It is debatable argument whether plasma ProGRP was useful or not into consideration of cost-effectiveness. Generally, when tumors recurrence with EGFR mutation was shown while first or second generation EGFR-TKIs therapy, rebiopsy was conducted for decision of treatment sequence. Because the AURA3 trial showed that osimertinib is superior to platinum doublet chemotherapy in patients with T790M-positive NSCLC with acquired resistance to first- or second-generation EGFR-TKIs, osimertinib is considered as first treatment option for patients with T790M-positive NSCLC [18]. Therefore, SCLC transformation from NSCLC were detected by pathological examine of rebiopsy sample after tumors recurrence without monitoring ProGRP. However, past research reported success rate of rebiopsy were only 79.5% [19]. Moreover, SCLC is most aggressive diseases in lung cancer [20]. Therefore, we believed plasma ProGRP is useful for detecting SCLC transformation from NSCLC with EGFR mutation if plasma ProGRP elevation before first EGFR-TKIs therapy was presented like our case.
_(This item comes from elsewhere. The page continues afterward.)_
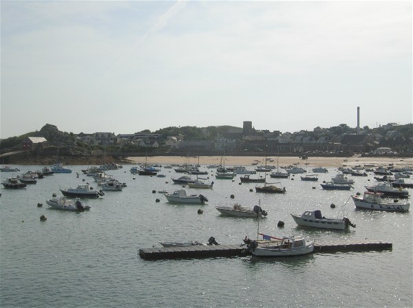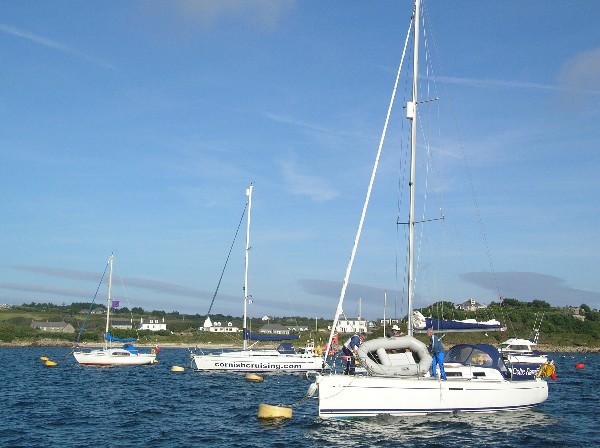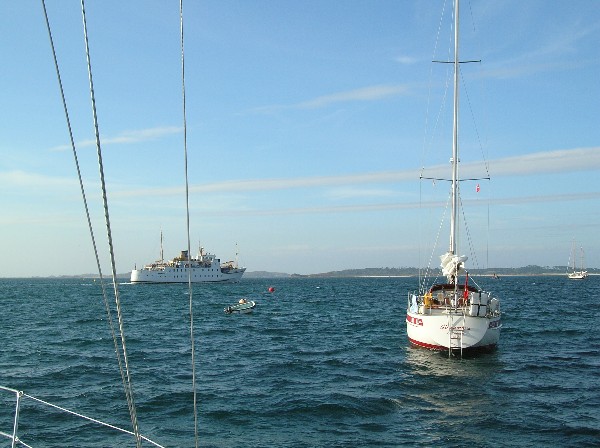 After quite a bumpy (but uneventful) ride across to The Scillies we found our way into Hugh Town, St Mary's Pool, soon after lunch time and managed to pick up a mooring buoy at our first attempt (well done Jenny!). Unless you've tried it, you won't appreciate that it can be quite tricky, both for the person at the helm, and the person at the bow wielding the boat hook. Once the buoy is hooked, a line must be secured pretty quickly as the boat will be blown away from the buoy by the wind (and/or carried by any tide stream) and holding it with just the boat hook can be difficult. The first picture shows the St Mary's to Newlyn ferry heading back to the mainland, and the second shows some of our new neighbours.

There are some limitations in our article. Plasma ProGRP level has physiological validation in human body. For example, renal dysfunction causes a false positive of high plasma ProGRP level for diagnosing SCLC [13]. Therefore, our case's plasma ProGRP level before EGFR-TKI treatment should be pointed false positive before especially EGFR-TKI treatment. However, we considered our case's plasma ProGRP level was unlikely to be false positive for two reasons. One reason, he had been estimated glomerular filtration rate was usually about 60 ml/min/1.73 m2 under EGFR-TKI treatment. Other reason, our case's plasma ProGRP level was evaluated mild elevation twice before EGFR-TKI treatment. Therefore, there is the possibility of the second primary cancer as small cell lung cancer after afatinib started. However, we believe our case presented NSCLC transformation to SCLC transformation because of recurrence of primary lesion at the same site. This is a single case report. Therefore, integration of similar cases will be needed.
4. Conclusion
Plasma ProGRP elevation in NSCLC with EGFR mutation may reflect SCLC components of NSCLC before EGFR-TKIs therapy. Plasma ProGRP level should be considered an early predictive marker of EGFR-mutant NSCLC to SCLC transformation.
Conflicts of interest
All authors declare no conflicts of interest associated with this manuscript.
Disclosure statements
The authors have no conflict of interest to declare. Appropriate written informed consent was obtained for publication of this case report and the accompanying images.
Acknowledgment
This research received no funding. We are grateful to to Dr. Hatori affiliates department of pathology, Chiba Hokusoh Hospital, Nippon Medical School for helpful discussions.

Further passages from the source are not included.